Despite Merrill's devil-may-care outlook, his story raises many uncertainties and concerns from friends and strangers alike. Questions of sincerity, validation, fear of choice, and free will arise constantly.

Merrill finds himself defending capitalism a lot, too.

"Sometimes if someone is a math-head or programmer or whatever, they get it — and some artist friends see it as an interesting fundraising model," Merrill says. "But people don’t generally like the idea of applying an economic model to personal things."

Merrill's appreciation for economic models has also made him an avid conventional investor in other people's projects. He claims to own shares in a number of companies including Apple, Facebook, Martha Stewart Omnipedia, JC Penney, and World Wrestling Entertainment. The profit-oriented system is flawed, he says, but inherent.

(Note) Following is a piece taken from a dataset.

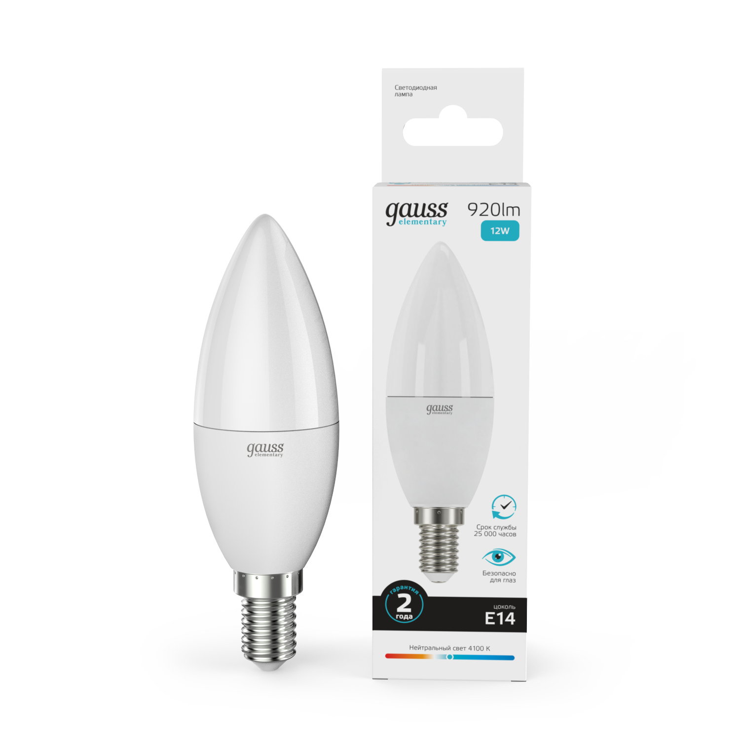 Лампа светодиодная Gauss 12 вт, цоколь е14, свеча, нейтральный белый, 25000 ч, b37-12w-4100-e14

He says that he invested in BP following the oil spill in the Gulf of Mexico. "That investment was pretty fucked up," he says. "But it was also clear that the dip in stock price was going to quickly rebound." And post-crash market skepticism has hardly dissuaded Merrill. In fact, he hopes others will follow in his footsteps and become publicly traded persons as well. To future human stock markets, his biggest piece of advice should sound familiar to any CEO with a company on the NASDAQ: "Be ready to be honest in a way that is not always very comfortable."

"I can’t imagine he would put so much work and thought into this project if it wasn’t driven by something deep," Berezin says. "I hope it’s fulfilling that function for him."

Whatever the case, Merrill's dedication to KmikeyM is undeniable. He sees being a publicly traded person as a life-long pursuit — so much so he signed a $100,000 life insurance policy earlier this year that would pay out all investors based upon their percentage ownership of outstanding shares in case he were to suddenly die.

"In a sort of wisdom-of-the-crowd-funded sense, I have an incredibly invested audience," Merrill says. "The only ethical way to end KmikeyM would be to buy everyone out."